I’ve written before that I’m not a person who’s at home being cynical, so when I’m faced with a barrage of negativity, instead of hardening myself to it, which would be the cynical thing to do (and honestly maybe the healthy thing to do), I get wrapped up in it. I feel it all. I get sad. I get anxious. And I usually turn to my life inside my house to regain some composure and a hopeful mindset. My life with J and our boy and our dog, regardless of what’s ever been happening in the outside world, or with the other people in my life…with work, with family, with friends, with the news cycle and how people around me respond to it…always lends me some calm and sanctuary from everything else. Home is my safe place. Home is the place where I can lay burdens down and be insulated from all the things that weigh on me.
When I wrote Blink, I knew some readers may question what Krista’s attraction to Jeff is. She’s a very capable, strong woman and even Jeff himself asserts that she would (and maybe even should) never be interested in him. He wonders what he could contribute to a relationship with her that she’d find valuable. Krista doesn’t need much practical support from a partner, though. She’s very physically strong. She’s brilliantly smart. She’s an effective communicator for herself and moving up in a difficult, highly respected career. But what she does need is that same thing J provides for me at home…calm and sanctuary. And Jeff gives her that. He’s her safe place. A place where she can relax and curl up and escape from the outside pressures she faces. A place that puts her mind and heart and soul at ease. He provides her a reminder of good things in her life and things she’s good at. He reminds her that all her hard work matters…that her frustration isn’t in vain. He shines a light on small things so she can appreciate and find joy in them when she feels the serious big picture she’s constantly focused on getting too heavy. He always listens and tells her that he’ll accept whatever she needs to share with him and help her get back to a more positive place. So she can go back out into the world with confidence to keep making a difference.

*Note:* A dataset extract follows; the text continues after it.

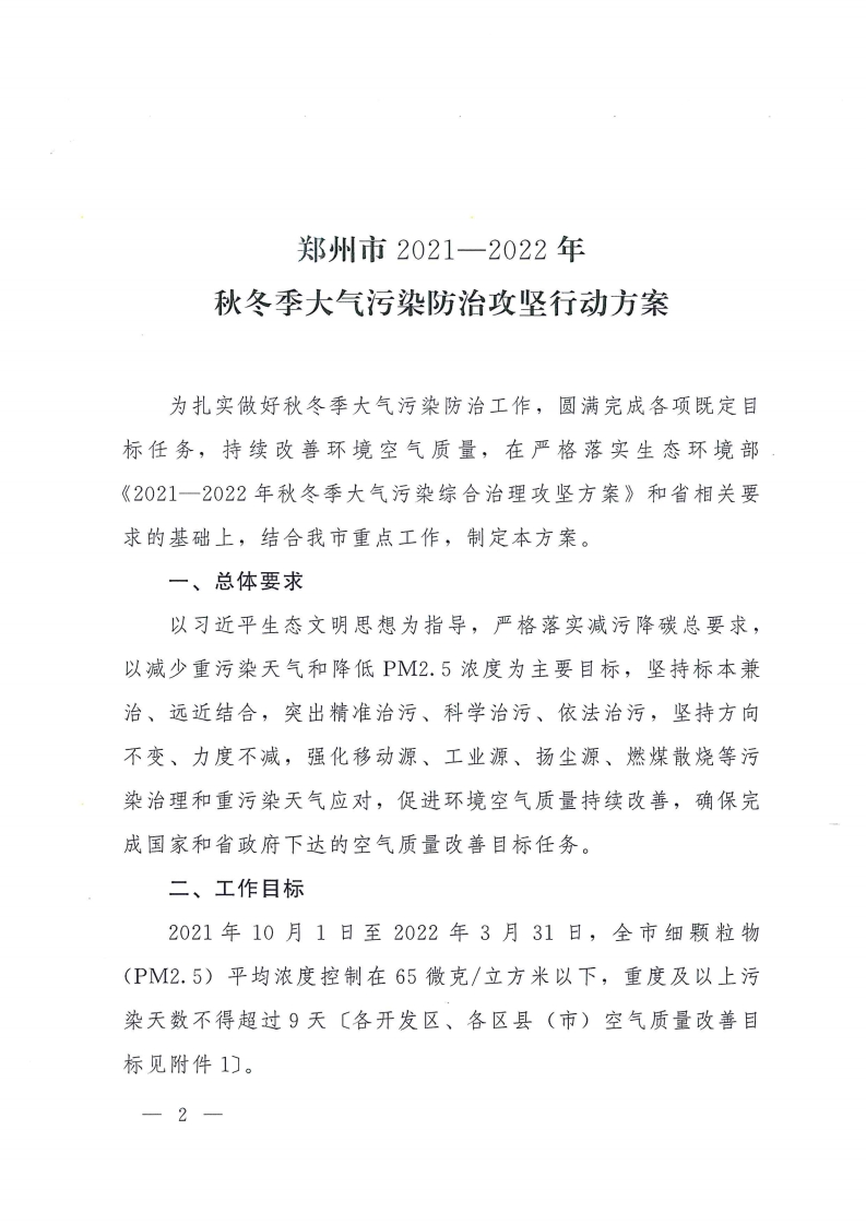 郑州市2021-2022年秋冬季大气污染防治攻坚行动方案348072@abc4个月前发布关注私信6.35MB20页043郑州市2021-2022年秋冬季大气污染防治攻坚行动方案此内容为付费资源,请付费后查看¥12¥22黄金会员免费钻石会员免费立即购买您当前未登录!建议登陆后购买,可保存购买订单付费资源 第1页 / 共20页 第2页 / 共20页 试读已结束,还剩18页,您可下载完整版后进行离线阅读 THE END标准规范 文本预览 郑政文〔2021)135号郑州市人民政府关于印发郑州市2021一2022年秋冬季大气污染防治攻坚行动方案的通知各开发区管委会,各区县(市)人民政府,市人民政府各部门,各有关单位:现将《郑州市2021一2022年秋冬季大气污染防治攻坚行动方案》印发给你们,请认真贯彻执行。2021年11月18日1 查看更多 收起部分 喜欢就支持一下吧收藏

I basically heard Snow Patrol’s Chasing Cars in the background for the entire writing process of Blink.
So Krista needs that…someone to lie with her and just forget the world. To help her let things that are eating at her go, and slow down sometimes, and to realize that it’s okay to just sit around and ‘waste’ time occasionally. That sometimes that’s necessary and healthy for her to do. That she doesn’t always have to push herself so hard and constantly achieve and accomplish more. That she doesn’t always have to fight. That ‘wasted’ time still has value. Sometimes Krista needs a changed perspective…someone else to help her look at things from a fresh place of awe and gratitude instead of cynicism, because she’s NOT a cynic. She doesn’t want to be a cynic. She’s full of hope and optimism and thankfulness too. She just gets bogged down sometimes, and she needs the occasional assist to turn that around. She needs calm and sanctuary. And I need that too. I’m so grateful I have that with J.